The $2bn plus investment in the University Hospital presents a major strategic opportunity for USC to strengthen its position in health-related degree programs, to boost graduate employment outcomes and build research capabilities and outputs.
A mind and brain research and clinical service centre will be a positive asset to USC, the University Hospital, and the healthcare industry and to patients locally, nationally and internationally.
USC already has a range of undergraduate and postgraduate programs in mental health professions. For instance nursing, mental health, occupational therapy, psychology, counseling and social work.
These will continue to expand over the coming decade as demand for graduates and USC’s capacity ramps up.
Much of USC’s research is real world and applied with a focus on strategic research aimed at generating outcomes of benefit to the wider community.
This will also apply to our research focus in mental health.
The new facility would bring together in the one entity basic and clinical research related to diseases of the brain and mind, as well as quality clinical practice and workforce development.
USC has been reaching to organisations in our region, such as local government, Regional Development Australia, the Department of Veterans' Affairs (Veterans and Veterans Families Counseling Service), and not for profit organisations like United Synergies.
As many of you may be aware, United Synergies is the lead agency for the new headspace Maroochydore facility that opened in February. USC is a consortium member and will seek to continue to engage with these types of initiatives into the future.
We see headspace having a strong relationship with the Queensland Mind and Neuroscience Institute, focused on mental health.
We have established a Foundation Board for the new Institute, chaired by Air Chief Marshal Angus Houston AC, AFC (Ret’d).
Max, and a number of other senior Australians (such as Professor Pat McGorry AO, Director of Clinical Services, Orygen Youth Health) have accepted our invitation to serve on the Institute’s Foundation.
Angus, Max and the Board will be instrumental in guiding the development and strategic positioning of this new facility.
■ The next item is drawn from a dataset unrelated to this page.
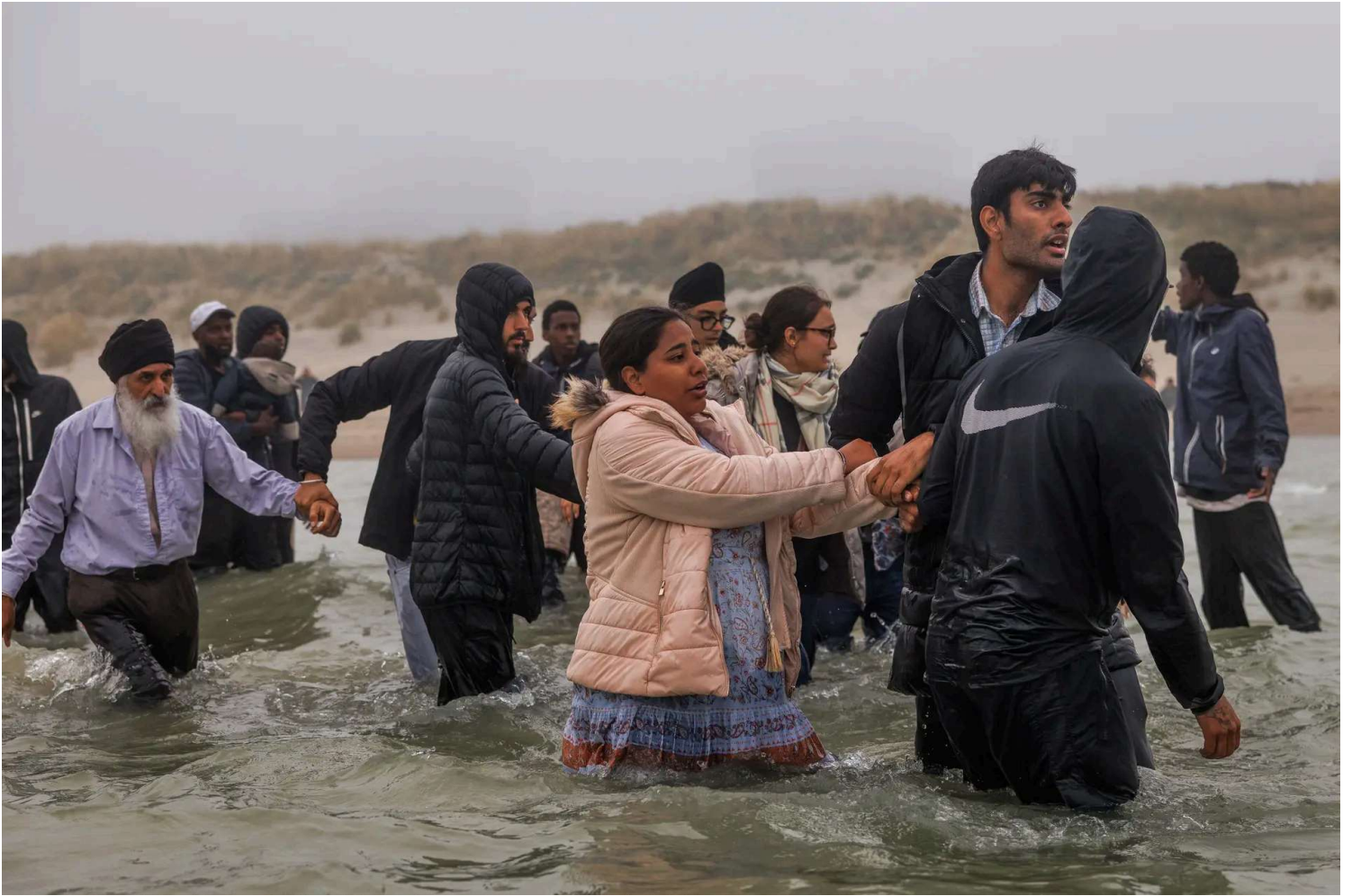
Families are led to a small boat by traffickers in Gravelines, France, on July 02, 2025. Most, including a couple at the center, were unsuccessful in boarding and made their way back to the shore to try on another day.

We are confident USC offers an ideal site to attract world-class researchers and leaders in the mental health field and to ensure a balance between research, teaching and clinical outreach.
And for the past two years we have been pursuing the establishment of a new brain and mind clinical and research facility.
In doing so we have received very active support from Max, who is undoubtedly one of Australia’s most prominent leaders in the mental health field.
So it is my great pleasure to introduce Professor Maxwell Bennett for the delivery of his keynote address – ‘Childhood Abuse: Stress, Depression and Suicide Later in Life’.